*Records*.
_ _ _ _ _ _ _

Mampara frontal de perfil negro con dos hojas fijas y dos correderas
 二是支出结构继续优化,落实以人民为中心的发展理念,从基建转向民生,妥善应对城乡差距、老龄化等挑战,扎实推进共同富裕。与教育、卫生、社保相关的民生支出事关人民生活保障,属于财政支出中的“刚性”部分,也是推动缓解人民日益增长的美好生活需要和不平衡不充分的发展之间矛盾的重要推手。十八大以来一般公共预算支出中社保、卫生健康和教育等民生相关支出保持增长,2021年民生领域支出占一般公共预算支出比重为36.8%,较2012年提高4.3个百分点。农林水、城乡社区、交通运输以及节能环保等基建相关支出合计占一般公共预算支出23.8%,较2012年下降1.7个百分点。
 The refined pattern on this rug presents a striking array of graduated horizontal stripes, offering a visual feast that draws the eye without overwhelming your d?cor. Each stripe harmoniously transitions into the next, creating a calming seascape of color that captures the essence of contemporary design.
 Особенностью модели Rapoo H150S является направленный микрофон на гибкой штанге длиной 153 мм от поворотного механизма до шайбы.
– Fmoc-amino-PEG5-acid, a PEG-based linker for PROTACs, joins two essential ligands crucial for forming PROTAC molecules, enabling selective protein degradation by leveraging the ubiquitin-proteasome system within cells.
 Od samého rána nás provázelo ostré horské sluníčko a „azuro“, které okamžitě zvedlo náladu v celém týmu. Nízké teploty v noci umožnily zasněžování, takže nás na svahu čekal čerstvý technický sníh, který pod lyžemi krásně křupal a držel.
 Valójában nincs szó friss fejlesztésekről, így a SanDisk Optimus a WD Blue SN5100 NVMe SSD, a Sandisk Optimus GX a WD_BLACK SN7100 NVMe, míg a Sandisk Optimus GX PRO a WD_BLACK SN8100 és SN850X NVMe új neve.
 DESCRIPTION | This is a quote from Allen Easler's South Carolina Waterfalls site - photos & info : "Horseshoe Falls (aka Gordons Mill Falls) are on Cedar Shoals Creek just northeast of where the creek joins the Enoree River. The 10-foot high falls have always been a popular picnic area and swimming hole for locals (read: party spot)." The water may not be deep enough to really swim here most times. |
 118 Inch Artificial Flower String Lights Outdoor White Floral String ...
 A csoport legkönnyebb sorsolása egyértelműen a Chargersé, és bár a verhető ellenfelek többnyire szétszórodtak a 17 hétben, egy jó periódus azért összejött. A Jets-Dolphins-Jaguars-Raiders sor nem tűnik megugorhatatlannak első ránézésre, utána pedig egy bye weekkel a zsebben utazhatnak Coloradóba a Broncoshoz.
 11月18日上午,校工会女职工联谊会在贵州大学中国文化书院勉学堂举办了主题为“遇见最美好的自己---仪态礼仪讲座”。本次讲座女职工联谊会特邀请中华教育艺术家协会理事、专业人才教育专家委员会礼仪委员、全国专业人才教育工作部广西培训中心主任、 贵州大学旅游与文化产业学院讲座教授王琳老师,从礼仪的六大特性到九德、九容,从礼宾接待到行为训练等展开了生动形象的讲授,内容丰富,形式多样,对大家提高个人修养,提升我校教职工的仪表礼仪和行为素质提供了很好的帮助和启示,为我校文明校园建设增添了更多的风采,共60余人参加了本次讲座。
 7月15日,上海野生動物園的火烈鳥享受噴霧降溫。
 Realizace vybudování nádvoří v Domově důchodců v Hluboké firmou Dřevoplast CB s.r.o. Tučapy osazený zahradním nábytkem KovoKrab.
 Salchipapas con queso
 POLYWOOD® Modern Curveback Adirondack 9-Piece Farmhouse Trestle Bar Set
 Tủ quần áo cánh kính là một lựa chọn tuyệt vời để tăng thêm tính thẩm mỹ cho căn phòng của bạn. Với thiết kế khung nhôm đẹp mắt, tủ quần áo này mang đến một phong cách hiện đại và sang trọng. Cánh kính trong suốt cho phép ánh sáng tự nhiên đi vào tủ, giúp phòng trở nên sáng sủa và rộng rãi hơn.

_ _ _ _ _ _ _

*The problem*.
Wherever the line holding "The refined pattern" falls in the entries above, copy exactly from it through the line holding "Od samého rána", inclusive, and add nothing.

*Response box*.
 The refined pattern on this rug presents a striking array of graduated horizontal stripes, offering a visual feast that draws the eye without overwhelming your d?cor. Each stripe harmoniously transitions into the next, creating a calming seascape of color that captures the essence of contemporary design.
 Особенностью модели Rapoo H150S является направленный микрофон на гибкой штанге длиной 153 мм от поворотного механизма до шайбы.
– Fmoc-amino-PEG5-acid, a PEG-based linker for PROTACs, joins two essential ligands crucial for forming PROTAC molecules, enabling selective protein degradation by leveraging the ubiquitin-proteasome system within cells.
 Od samého rána nás provázelo ostré horské sluníčko a „azuro“, které okamžitě zvedlo náladu v celém týmu. Nízké teploty v noci umožnily zasněžování, takže nás na svahu čekal čerstvý technický sníh, který pod lyžemi krásně křupal a držel.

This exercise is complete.